MAYBE IF
MAYBE IF
Something has changed. It doesn't feel like me anymore.
From running a 'love yourself' group online to hating myself more.
Having so called 'friends' to being alone,
Maybe if I liked you less, I might be able to talk about it more.
My insomnia is haunting me,
I don't remember the last time I got a good night's sleep.
I wish I could stop myself from crying to my pillow,
Maybe if I never met you, I wouldn't be this hollow.
I'm this close to breaking down,
And I don't think that I can be as happy as I used to be,
And maybe it's my fault that I let everyone in so easily.
Maybe if I believed in cynicism, I wouldn't show such leniency.
Maybe for once it would have felt nice to take a break.
I have been tired of being everyone's emotional sponge cake.
Sometimes I wonder if there's anyone at all who can show compassion.
Well, I guess I have to act happy in order to be in fashion.
Behind my fake smile, do u know that your words are killing me slowly?
Maybe if u weren't so obsessed with your looks u would have noticed me change quickly.
Maybe If I start smiling more, it will feel better.

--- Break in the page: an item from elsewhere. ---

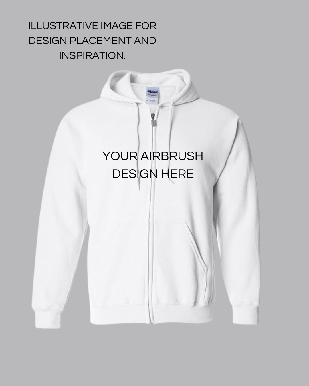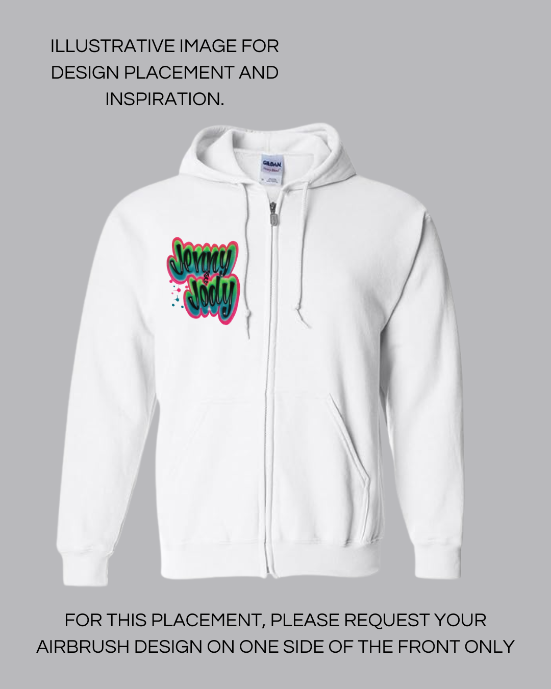 All designs are airbrushed on the FRONT of the hoodie unless specified otherwise.

But in the end I'll always be the imposter.
I can't leave my fake friends alone because the fear of being left alone and sad haunts me more than my dignity.
My hatred towards them crawls inside of me.
I wonder if I can ever be strong enough to them how,
I feel being crept by my overthinking and lack of trust.
Maybe I have you to thank for making me like this.
Maybe if I could change myself,
Maybe if I stop hating myself,
Maybe if I could clear you from my head,
I'll find HAPPINESS.
But what good it will do if I'm left alone standing in the darkness?